すごく地味な

中学生の頃の、忘れられない出来事です。

私には、家が近所のナギサという幼なじみがいました。

私もナギサも女子で、毎日いっしょに下校していました。

学校から家までは、歩いて三十分ほどの距離でした。

帰り道にはいくつもコースがあって、今日はこっち、明日はあっち、と選ぶのが日課でした。

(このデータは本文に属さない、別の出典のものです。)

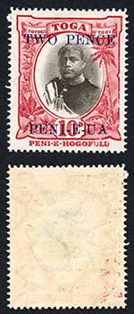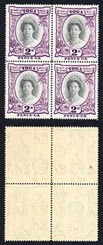 Tonga SG76 2d die 2 wmk Script Plate block (2 x U/M) Cat 22 pounds
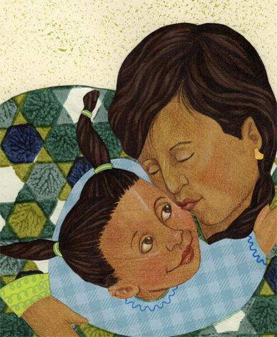 I find this process of layered papers apropos to the story of loving relationships that I am telling. I’m posting just a small portion of one of the story spreads. It also includes my personal touches of illustrated faces and figures.

私たちは部活も同じで、その日も部活帰りに二人で歩いていました。

ナギサは、私と違って、少し慎重な性格でした。

私が「近道しよう」と言えば、「危ないよ」と止めるような子です。

でも、だからこそ、私たちは妙に気が合いました。

その日も、部活でへとへとになりながら、たわいない話をしていました。

明日の小テストのこと、好きなアイドルのこと、給食のこと。

そんな、どこにでもある中学生の会話です。

その日に限って、私たちはお寺の脇の道を選びました。

なぜその道にしたのか、今でもよく覚えていません。

ただ、なんとなく、足がそちらへ向いたのです。

あとから考えると、それも何かに呼ばれていたのかもしれません。

季節は秋で、まだ夕方と呼べる時刻のはずでした。

それなのに、あたりはもう、薄暗くなりはじめていました。

日が沈んだ直後の、空気が青く沈む時間帯です。

いわゆる、逢魔が刻というやつでしょうか。

その日は、古いお寺の脇を通る道を選びました。

べつに珍しいことではなく、よく通るコースのひとつでした。

左手には、斜面に沿って、苔むした墓石がずらりと並んでいます。

右手は、背の高い竹林で、風が吹くとさらさらと鳴っていました。

その竹の鳴る音だけが、やけに大きく響いていました。

今思えば、いつもより、人通りがまったくありませんでした。

すれ違う人も、追い越していく自転車も、一台もいなかったのです。

でも、そのときは、そんなことに気づきもしませんでした。

いつも通る道ですし、静かで気持ちのいい場所でした。

不気味だなんて、二人とも少しも思っていませんでした。

少なくとも私は、お墓だということすら意識していませんでした。

その道は、お寺の前を百メートルほど続きます。

舗装された道を、雑談しながらてくてく歩いていたときのことです。

十メートルほど先の、道の真ん中に、黒くて小さい何かがいました。

あたりはもう薄暗くて、はっきりとは見えませんでした。

私は「あ、猫がいる」と言いながら、近づいていきました。

てっきり、黒猫だと思ったのです。

地面に、ちょうどそれくらいの大きさで、かすかに動いていました。

しかも、ふわふわして見えたものですから。

猫なら、近所でもよく見かけていました。

だから、何のためらいもなく、近づいていったのです。

近づくにつれて、少しずつ、その輪郭が見えてきました。

けれど、なんだか、形がおかしいのです。

耳もなければ、しっぽもありません。

ただ、黒いものが、もぞもぞとうごめいていました。

私は舌を鳴らして、「こっちおいで」と呼びました。

しゃがもうとして、腰をかがめたそのときです。

ナギサが急に後ずさりして、「ねえ、それ、本当に猫?」と言いました。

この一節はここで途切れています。